(Records from a data source)
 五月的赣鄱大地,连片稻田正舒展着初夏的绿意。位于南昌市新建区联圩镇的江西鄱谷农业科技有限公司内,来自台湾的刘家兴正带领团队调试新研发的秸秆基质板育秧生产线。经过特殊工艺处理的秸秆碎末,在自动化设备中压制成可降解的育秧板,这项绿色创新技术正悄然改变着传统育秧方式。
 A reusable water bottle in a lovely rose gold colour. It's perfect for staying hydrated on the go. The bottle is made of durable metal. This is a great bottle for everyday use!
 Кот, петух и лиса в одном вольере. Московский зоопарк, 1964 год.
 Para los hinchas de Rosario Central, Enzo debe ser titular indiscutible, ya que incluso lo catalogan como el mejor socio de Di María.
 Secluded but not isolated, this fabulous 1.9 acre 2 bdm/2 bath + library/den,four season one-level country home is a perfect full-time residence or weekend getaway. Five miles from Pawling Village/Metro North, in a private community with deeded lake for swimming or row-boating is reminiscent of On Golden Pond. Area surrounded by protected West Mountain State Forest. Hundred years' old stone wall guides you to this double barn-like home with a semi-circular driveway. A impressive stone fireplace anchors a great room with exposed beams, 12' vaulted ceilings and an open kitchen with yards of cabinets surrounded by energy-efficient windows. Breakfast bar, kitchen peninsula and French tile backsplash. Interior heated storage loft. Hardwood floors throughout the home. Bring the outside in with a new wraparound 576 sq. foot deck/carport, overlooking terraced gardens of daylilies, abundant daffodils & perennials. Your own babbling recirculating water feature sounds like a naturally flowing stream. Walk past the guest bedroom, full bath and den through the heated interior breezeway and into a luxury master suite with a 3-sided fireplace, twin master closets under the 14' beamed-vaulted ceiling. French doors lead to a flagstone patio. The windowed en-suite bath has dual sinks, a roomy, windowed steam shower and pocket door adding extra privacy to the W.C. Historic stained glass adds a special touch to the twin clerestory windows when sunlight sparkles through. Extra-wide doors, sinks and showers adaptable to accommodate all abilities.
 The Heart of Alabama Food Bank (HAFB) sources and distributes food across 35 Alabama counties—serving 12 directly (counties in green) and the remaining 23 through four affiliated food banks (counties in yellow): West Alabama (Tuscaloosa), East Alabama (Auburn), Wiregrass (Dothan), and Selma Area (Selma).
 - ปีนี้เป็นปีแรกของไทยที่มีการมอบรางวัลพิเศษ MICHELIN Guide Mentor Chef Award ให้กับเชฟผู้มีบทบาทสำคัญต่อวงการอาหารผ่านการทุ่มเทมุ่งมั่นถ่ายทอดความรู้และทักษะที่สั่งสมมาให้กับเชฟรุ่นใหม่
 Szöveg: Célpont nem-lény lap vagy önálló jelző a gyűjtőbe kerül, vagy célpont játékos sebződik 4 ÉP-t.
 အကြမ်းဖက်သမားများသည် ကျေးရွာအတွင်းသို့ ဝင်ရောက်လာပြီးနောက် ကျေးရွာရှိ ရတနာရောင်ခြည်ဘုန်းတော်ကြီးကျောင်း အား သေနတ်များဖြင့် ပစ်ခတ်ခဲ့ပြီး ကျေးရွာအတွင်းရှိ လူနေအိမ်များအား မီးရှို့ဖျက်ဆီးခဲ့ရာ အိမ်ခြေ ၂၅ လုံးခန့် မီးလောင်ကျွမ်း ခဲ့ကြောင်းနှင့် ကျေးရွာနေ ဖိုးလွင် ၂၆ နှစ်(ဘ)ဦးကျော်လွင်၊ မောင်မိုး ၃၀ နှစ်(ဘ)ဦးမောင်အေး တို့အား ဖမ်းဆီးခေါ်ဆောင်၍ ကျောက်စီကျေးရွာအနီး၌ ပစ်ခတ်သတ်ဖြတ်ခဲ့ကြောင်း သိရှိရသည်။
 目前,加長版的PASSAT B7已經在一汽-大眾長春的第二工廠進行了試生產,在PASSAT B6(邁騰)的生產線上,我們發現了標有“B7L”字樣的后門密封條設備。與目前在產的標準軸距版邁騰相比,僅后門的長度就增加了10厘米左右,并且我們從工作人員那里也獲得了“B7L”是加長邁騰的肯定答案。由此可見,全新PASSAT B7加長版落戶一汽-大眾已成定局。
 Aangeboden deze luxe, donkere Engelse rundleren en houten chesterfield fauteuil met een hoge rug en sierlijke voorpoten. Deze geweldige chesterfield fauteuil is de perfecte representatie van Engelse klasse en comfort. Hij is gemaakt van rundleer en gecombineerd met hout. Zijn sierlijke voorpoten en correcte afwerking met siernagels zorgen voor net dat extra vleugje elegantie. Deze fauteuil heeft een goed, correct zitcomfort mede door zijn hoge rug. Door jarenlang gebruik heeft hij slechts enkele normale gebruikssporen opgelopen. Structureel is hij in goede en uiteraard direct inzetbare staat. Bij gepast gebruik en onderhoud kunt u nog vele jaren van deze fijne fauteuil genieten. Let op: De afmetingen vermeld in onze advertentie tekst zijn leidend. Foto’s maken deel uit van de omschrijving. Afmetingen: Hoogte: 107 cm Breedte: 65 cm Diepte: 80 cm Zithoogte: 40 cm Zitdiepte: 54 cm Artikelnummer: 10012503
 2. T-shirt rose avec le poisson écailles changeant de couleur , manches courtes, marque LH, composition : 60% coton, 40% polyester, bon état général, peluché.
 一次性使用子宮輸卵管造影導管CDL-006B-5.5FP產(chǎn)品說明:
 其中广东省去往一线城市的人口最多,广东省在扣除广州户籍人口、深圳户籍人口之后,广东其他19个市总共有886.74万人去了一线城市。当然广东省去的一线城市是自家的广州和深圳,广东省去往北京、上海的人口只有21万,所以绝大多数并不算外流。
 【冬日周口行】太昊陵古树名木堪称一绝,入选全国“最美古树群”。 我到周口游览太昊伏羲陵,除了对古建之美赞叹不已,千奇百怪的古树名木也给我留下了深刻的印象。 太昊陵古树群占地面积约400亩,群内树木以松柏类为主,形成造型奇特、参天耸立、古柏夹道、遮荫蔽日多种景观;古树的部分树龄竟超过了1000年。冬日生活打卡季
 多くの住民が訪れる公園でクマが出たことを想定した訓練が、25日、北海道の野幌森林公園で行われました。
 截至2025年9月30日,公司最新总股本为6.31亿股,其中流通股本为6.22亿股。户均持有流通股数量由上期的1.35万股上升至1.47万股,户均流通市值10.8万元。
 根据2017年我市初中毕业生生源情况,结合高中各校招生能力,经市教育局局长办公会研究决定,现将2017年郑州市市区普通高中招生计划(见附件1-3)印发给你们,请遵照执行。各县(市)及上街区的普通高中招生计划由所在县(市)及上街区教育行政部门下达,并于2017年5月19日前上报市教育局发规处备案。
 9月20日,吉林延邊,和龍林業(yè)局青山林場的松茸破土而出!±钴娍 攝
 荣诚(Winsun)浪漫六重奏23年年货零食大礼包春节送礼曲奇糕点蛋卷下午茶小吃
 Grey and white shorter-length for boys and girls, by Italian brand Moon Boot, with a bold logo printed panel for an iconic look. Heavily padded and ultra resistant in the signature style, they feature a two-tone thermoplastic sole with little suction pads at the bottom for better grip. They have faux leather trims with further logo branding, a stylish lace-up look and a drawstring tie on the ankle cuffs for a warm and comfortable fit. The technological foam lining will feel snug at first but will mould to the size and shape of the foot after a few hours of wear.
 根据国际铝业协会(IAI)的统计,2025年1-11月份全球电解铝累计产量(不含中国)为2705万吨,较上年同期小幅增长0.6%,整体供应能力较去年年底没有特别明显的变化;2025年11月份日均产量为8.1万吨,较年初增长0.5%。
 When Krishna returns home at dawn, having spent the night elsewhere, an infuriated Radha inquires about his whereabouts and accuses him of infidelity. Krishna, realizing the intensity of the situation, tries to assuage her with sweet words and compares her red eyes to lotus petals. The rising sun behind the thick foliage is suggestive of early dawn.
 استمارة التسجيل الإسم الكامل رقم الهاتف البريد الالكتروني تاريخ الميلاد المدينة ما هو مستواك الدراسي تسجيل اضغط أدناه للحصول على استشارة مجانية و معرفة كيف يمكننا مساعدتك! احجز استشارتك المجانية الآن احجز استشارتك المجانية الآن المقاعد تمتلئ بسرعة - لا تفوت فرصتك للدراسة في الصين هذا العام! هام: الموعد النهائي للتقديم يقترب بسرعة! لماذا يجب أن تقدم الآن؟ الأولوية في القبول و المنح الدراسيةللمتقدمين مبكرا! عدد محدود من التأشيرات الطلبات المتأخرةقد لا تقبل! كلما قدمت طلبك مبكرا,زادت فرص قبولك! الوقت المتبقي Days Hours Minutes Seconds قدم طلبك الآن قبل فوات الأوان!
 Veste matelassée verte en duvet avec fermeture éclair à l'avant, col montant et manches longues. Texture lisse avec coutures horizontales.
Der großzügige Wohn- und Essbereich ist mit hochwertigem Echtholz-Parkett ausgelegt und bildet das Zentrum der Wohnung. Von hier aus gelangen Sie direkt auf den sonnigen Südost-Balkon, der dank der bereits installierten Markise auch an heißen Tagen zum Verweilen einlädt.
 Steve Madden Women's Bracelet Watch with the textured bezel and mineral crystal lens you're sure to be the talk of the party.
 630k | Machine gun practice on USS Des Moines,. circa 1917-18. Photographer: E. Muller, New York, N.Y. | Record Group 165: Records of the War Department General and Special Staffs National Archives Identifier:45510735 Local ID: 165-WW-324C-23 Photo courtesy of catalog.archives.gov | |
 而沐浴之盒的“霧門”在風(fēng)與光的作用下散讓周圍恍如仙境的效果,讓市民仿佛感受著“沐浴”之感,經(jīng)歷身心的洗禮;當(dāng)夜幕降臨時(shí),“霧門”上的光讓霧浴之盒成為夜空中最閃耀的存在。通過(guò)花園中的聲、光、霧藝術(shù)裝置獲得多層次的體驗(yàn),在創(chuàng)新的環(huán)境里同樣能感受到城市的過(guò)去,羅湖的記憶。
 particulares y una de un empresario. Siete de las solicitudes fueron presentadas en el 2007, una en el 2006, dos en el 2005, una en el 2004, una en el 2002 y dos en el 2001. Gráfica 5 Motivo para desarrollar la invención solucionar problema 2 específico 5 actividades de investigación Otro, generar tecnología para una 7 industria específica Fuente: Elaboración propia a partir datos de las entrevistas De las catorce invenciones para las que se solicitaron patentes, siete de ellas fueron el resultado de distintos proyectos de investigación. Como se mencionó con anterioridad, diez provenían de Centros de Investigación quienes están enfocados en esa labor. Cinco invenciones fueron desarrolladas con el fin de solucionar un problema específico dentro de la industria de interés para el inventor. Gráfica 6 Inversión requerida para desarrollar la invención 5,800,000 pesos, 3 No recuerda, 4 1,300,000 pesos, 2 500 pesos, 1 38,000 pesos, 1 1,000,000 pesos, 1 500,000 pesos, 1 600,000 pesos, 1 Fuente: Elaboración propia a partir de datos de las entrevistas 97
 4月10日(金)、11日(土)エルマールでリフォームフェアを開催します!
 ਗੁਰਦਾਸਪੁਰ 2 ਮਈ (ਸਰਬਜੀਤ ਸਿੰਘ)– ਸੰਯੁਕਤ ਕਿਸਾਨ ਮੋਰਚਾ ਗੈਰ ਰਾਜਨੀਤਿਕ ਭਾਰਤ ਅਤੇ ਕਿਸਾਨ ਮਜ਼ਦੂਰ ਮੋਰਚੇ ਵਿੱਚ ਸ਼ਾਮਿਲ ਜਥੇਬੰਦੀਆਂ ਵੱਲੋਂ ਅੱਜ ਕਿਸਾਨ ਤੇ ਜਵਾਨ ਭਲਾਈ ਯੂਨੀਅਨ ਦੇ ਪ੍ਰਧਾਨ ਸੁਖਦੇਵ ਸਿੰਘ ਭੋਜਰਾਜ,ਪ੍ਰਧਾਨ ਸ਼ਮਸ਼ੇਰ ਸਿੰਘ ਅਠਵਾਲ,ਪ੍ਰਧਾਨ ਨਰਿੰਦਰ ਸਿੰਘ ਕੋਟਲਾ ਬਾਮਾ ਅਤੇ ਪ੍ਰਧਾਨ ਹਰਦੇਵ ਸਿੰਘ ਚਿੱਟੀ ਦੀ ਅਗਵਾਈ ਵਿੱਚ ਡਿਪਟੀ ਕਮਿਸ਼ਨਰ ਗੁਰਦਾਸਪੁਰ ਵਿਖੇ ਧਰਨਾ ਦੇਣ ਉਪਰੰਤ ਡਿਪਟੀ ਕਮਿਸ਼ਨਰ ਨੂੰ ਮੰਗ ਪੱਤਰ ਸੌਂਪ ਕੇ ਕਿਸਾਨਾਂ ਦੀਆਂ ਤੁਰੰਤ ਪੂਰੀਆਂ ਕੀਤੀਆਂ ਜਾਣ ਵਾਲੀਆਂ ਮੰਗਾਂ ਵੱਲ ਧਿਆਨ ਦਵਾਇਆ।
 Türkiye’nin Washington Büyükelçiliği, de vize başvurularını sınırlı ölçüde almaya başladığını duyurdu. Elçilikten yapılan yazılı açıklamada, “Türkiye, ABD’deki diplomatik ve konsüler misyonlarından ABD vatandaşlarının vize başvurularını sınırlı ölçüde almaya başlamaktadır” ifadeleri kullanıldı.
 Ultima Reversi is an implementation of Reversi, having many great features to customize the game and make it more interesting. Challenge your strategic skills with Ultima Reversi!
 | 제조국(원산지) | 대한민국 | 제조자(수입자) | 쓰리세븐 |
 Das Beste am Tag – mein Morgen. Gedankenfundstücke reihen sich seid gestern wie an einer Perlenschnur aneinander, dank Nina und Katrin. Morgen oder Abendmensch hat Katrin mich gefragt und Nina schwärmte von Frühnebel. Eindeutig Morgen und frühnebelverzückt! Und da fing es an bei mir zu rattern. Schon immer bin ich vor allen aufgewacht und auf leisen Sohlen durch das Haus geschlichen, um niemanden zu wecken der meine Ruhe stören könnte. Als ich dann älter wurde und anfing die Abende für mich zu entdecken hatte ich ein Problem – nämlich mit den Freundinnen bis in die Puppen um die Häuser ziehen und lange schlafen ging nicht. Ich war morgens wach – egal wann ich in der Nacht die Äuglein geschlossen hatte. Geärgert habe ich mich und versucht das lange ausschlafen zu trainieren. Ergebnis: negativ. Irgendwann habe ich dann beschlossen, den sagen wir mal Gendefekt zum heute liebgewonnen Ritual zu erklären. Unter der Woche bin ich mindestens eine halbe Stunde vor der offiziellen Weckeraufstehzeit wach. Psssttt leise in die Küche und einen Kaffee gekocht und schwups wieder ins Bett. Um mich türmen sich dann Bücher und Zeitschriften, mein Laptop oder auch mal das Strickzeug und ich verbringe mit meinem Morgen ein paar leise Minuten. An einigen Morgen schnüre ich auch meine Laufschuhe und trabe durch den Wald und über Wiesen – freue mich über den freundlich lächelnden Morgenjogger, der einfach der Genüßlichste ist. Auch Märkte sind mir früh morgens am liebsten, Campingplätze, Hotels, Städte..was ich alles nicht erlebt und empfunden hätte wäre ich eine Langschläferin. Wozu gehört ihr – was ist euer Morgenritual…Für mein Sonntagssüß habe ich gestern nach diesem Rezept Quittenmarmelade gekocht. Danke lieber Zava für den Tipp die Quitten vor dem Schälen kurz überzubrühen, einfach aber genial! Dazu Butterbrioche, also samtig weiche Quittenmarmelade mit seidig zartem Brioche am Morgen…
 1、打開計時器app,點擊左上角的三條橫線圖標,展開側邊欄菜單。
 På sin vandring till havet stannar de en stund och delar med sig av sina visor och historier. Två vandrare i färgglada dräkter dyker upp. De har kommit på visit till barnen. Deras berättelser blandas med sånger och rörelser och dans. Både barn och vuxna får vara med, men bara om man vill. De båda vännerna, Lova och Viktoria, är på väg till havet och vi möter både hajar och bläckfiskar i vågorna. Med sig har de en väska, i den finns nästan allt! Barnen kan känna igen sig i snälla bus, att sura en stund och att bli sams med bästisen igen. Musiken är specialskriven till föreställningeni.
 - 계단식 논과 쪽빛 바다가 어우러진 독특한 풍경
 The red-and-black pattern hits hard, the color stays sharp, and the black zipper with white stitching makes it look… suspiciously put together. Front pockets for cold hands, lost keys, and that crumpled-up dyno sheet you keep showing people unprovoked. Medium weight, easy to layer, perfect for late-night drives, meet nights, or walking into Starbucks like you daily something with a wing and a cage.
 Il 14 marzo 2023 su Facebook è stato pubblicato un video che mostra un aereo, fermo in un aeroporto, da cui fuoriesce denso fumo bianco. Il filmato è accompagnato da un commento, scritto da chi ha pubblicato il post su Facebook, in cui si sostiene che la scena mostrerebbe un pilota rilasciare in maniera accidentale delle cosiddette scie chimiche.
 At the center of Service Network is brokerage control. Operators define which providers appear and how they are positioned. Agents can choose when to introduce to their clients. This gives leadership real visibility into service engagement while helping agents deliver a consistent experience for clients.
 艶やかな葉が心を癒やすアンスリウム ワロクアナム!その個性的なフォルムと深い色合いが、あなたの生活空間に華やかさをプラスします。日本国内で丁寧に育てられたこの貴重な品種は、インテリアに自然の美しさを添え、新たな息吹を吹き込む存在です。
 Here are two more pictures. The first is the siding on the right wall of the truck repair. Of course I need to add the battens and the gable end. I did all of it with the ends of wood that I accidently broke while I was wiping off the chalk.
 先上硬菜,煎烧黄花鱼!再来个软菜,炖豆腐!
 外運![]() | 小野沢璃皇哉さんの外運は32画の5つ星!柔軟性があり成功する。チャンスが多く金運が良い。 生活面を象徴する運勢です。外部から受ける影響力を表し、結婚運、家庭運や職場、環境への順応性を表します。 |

→ **WHAT YOU ARE ASKED TO DO**
Look through the records above for the string "first", then copy every line that has it.

→ **THE ANSWER**
 Grey and white shorter-length for boys and girls, by Italian brand Moon Boot, with a bold logo printed panel for an iconic look. Heavily padded and ultra resistant in the signature style, they feature a two-tone thermoplastic sole with little suction pads at the bottom for better grip. They have faux leather trims with further logo branding, a stylish lace-up look and a drawstring tie on the ankle cuffs for a warm and comfortable fit. The technological foam lining will feel snug at first but will mould to the size and shape of the foot after a few hours of wear.
 Here are two more pictures. The first is the siding on the right wall of the truck repair. Of course I need to add the battens and the gable end. I did all of it with the ends of wood that I accidently broke while I was wiping off the chalk.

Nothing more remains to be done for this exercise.